Stored items:
┏━━

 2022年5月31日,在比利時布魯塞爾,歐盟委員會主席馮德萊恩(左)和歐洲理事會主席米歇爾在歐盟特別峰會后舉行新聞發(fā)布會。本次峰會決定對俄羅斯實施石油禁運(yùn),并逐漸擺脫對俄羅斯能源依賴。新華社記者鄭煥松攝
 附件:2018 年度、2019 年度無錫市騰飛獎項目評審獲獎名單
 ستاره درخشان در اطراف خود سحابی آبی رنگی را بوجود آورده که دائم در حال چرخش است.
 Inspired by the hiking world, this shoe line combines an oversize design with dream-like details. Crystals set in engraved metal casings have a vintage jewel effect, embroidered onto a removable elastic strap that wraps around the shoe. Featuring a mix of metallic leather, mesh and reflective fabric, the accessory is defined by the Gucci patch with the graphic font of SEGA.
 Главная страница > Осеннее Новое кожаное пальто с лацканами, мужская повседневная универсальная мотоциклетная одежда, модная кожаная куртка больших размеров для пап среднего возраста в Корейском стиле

┗━━
┏━━

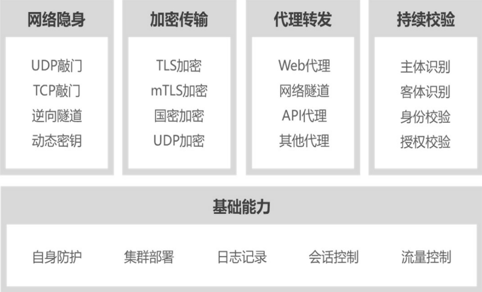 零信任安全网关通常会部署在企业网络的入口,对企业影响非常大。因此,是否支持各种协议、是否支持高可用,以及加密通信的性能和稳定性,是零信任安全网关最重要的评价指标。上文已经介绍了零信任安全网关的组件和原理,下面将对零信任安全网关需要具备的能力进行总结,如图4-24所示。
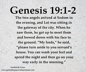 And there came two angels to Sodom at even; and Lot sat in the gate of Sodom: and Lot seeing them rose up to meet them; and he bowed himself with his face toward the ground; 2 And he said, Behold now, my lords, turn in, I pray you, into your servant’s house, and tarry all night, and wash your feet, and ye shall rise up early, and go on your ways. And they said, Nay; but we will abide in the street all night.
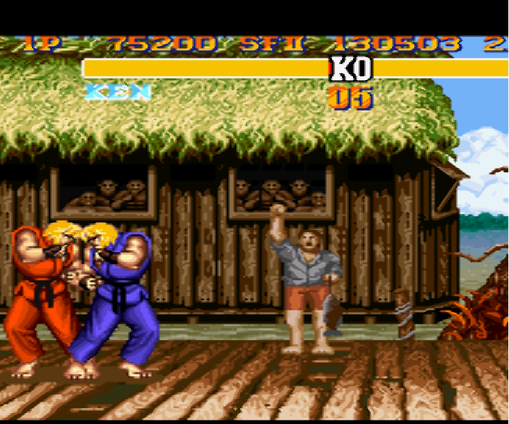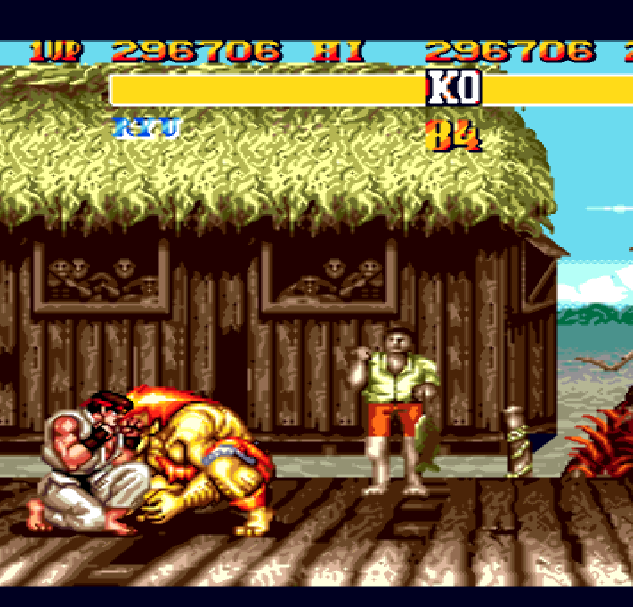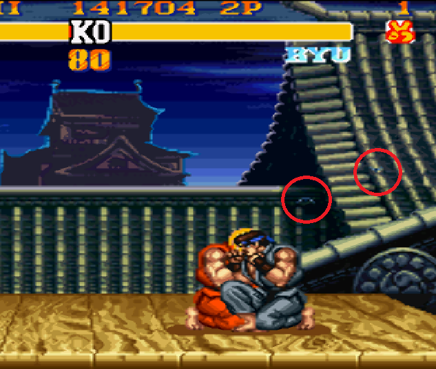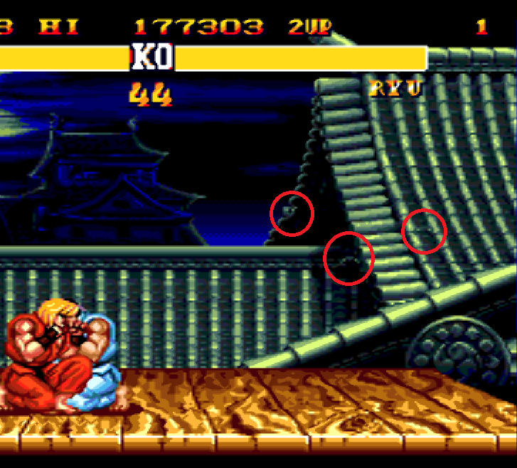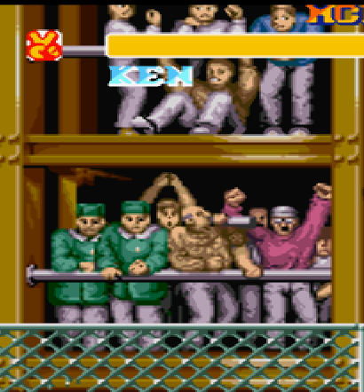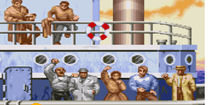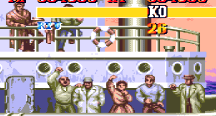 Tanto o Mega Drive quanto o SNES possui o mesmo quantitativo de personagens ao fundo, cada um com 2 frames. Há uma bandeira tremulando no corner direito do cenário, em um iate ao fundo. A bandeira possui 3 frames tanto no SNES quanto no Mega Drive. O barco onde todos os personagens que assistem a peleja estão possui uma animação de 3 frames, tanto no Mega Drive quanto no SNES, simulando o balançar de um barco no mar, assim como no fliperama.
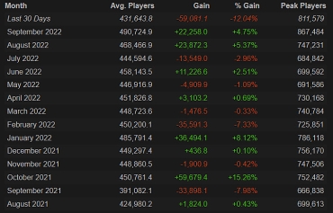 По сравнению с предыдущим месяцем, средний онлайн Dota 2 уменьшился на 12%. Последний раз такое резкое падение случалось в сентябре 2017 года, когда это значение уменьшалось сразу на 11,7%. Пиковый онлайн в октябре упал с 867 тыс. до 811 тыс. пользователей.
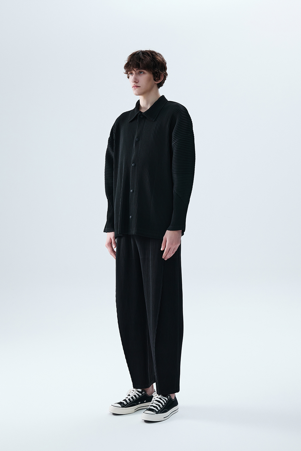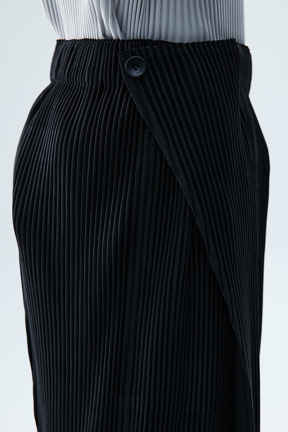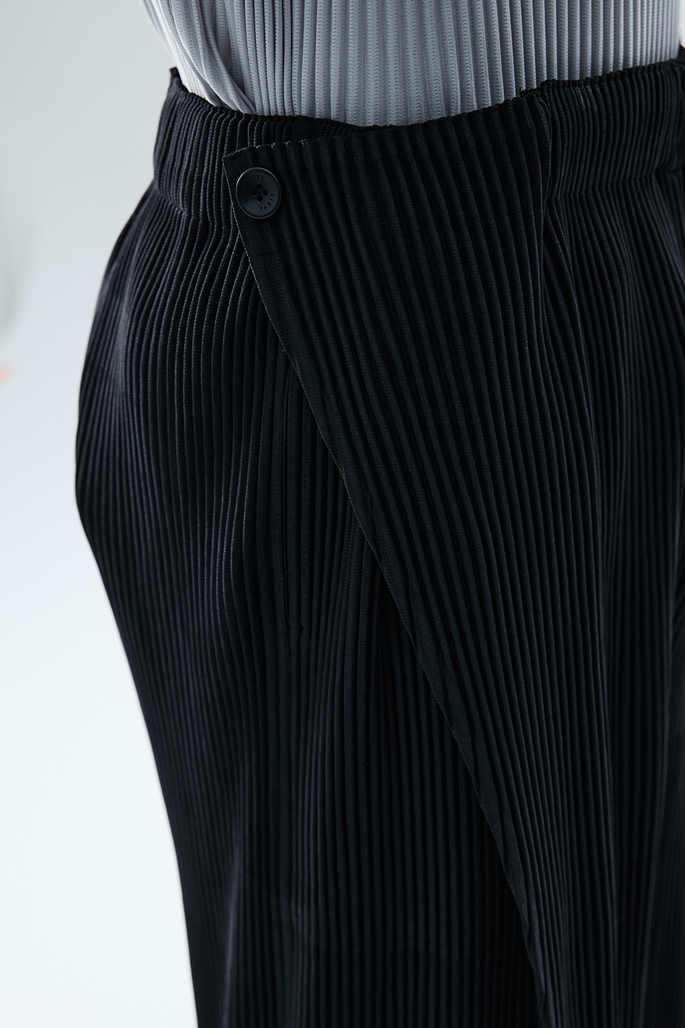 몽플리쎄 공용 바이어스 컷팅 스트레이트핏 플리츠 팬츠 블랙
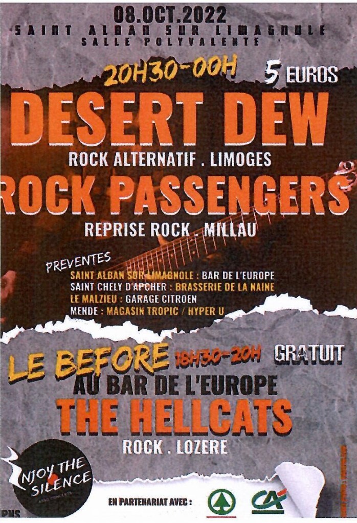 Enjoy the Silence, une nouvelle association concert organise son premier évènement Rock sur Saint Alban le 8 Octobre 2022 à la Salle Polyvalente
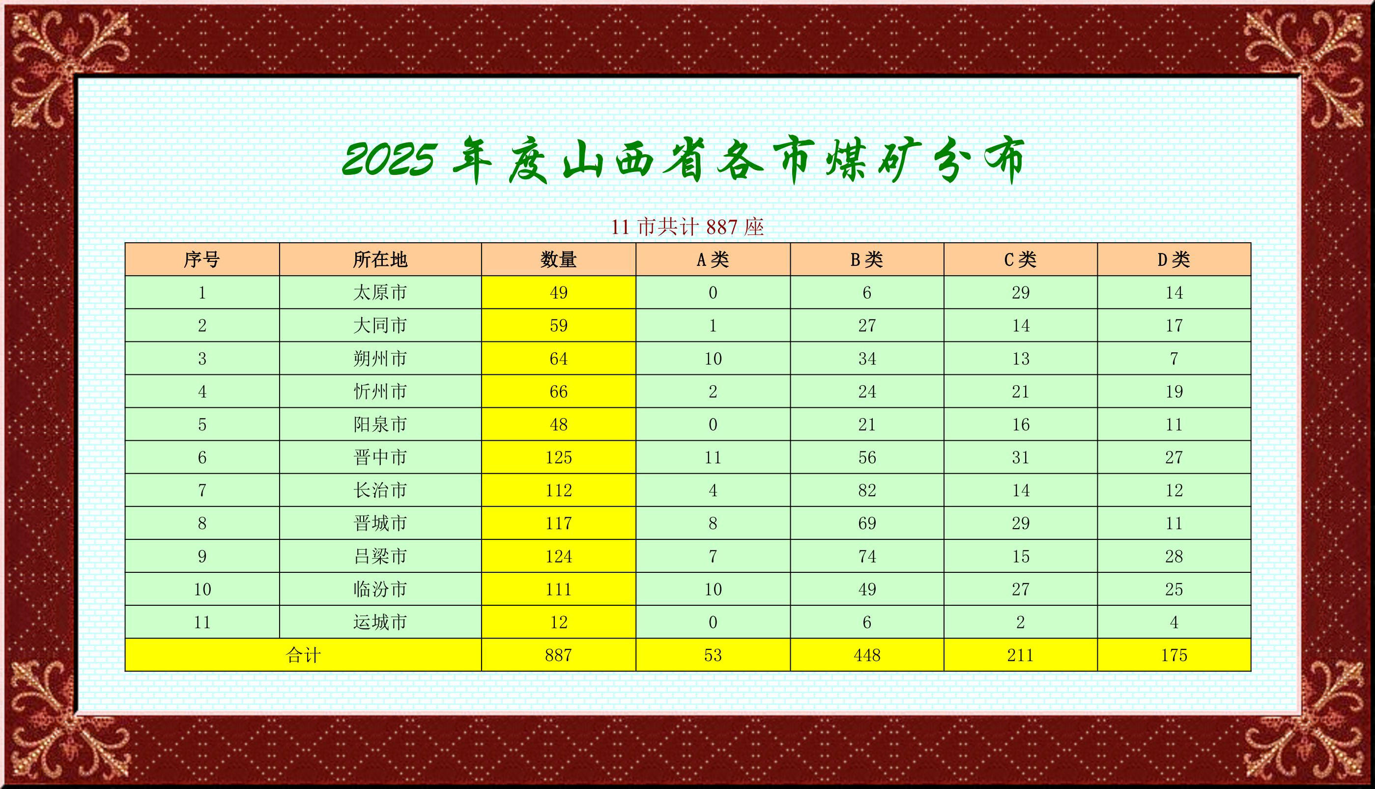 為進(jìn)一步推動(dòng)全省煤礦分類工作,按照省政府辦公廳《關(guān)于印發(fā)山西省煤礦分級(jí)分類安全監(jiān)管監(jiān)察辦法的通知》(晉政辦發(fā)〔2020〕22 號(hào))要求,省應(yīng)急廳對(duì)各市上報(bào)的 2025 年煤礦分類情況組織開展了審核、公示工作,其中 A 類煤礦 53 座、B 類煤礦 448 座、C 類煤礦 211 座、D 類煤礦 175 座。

┗━━

→ Task item
What you need to produce is an exact copy of the entries above, limited to the lines from the one with "Tanto o Mega" up to and including the one with "座、D 類煤礦 175 座。", without pictures.

→ Written solution
 Tanto o Mega Drive quanto o SNES possui o mesmo quantitativo de personagens ao fundo, cada um com 2 frames. Há uma bandeira tremulando no corner direito do cenário, em um iate ao fundo. A bandeira possui 3 frames tanto no SNES quanto no Mega Drive. O barco onde todos os personagens que assistem a peleja estão possui uma animação de 3 frames, tanto no Mega Drive quanto no SNES, simulando o balançar de um barco no mar, assim como no fliperama.
 По сравнению с предыдущим месяцем, средний онлайн Dota 2 уменьшился на 12%. Последний раз такое резкое падение случалось в сентябре 2017 года, когда это значение уменьшалось сразу на 11,7%. Пиковый онлайн в октябре упал с 867 тыс. до 811 тыс. пользователей.
 몽플리쎄 공용 바이어스 컷팅 스트레이트핏 플리츠 팬츠 블랙
 Enjoy the Silence, une nouvelle association concert organise son premier évènement Rock sur Saint Alban le 8 Octobre 2022 à la Salle Polyvalente
 為進(jìn)一步推動(dòng)全省煤礦分類工作,按照省政府辦公廳《關(guān)于印發(fā)山西省煤礦分級(jí)分類安全監(jiān)管監(jiān)察辦法的通知》(晉政辦發(fā)〔2020〕22 號(hào))要求,省應(yīng)急廳對(duì)各市上報(bào)的 2025 年煤礦分類情況組織開展了審核、公示工作,其中 A 類煤礦 53 座、B 類煤礦 448 座、C 類煤礦 211 座、D 類煤礦 175 座。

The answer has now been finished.